* _Data segment_
..............................

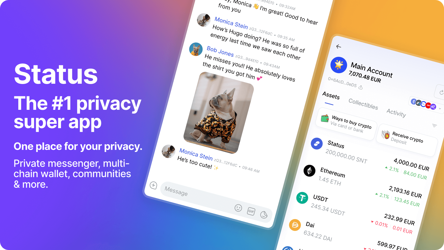Status is a private-by-default messaging app and crypto wallet that doesn't require personal info to create an account.
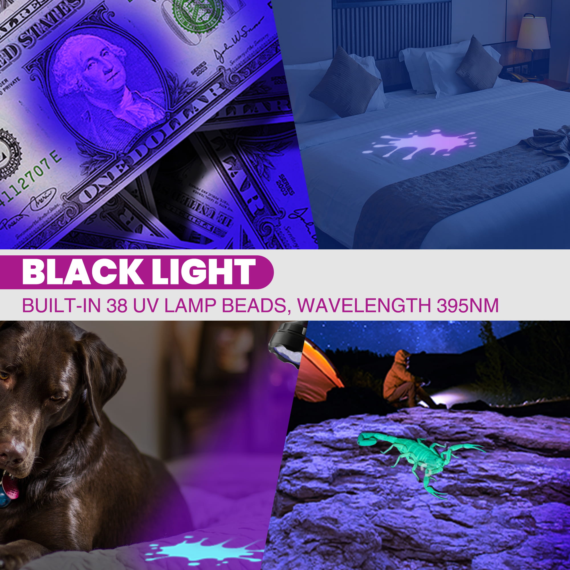 38 UV LEDs: 395 nm wavelength with up to 5 m range - perfect for pet stain detection, cleanliness checks, and more.
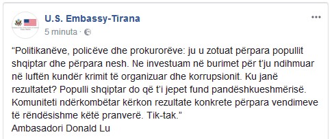 “Ne investuam në burimet për t’ju ndihmuar. Ku janë rezultatet?”, pyet Lu në mesazhin e postuar në faqen në Facebook të Ambasadës Amerikane. Ai thekson se Populli shqiptar do që t’i jepet fund pandëshkueshmërisë.

..............................

* _Task to complete_
Images should not appear in the copy; retype the listing above exactly.

* _The completed task_
Status is a private-by-default messaging app and crypto wallet that doesn't require personal info to create an account.
 38 UV LEDs: 395 nm wavelength with up to 5 m range - perfect for pet stain detection, cleanliness checks, and more.
 “Ne investuam në burimet për t’ju ndihmuar. Ku janë rezultatet?”, pyet Lu në mesazhin e postuar në faqen në Facebook të Ambasadës Amerikane. Ai thekson se Populli shqiptar do që t’i jepet fund pandëshkueshmërisë.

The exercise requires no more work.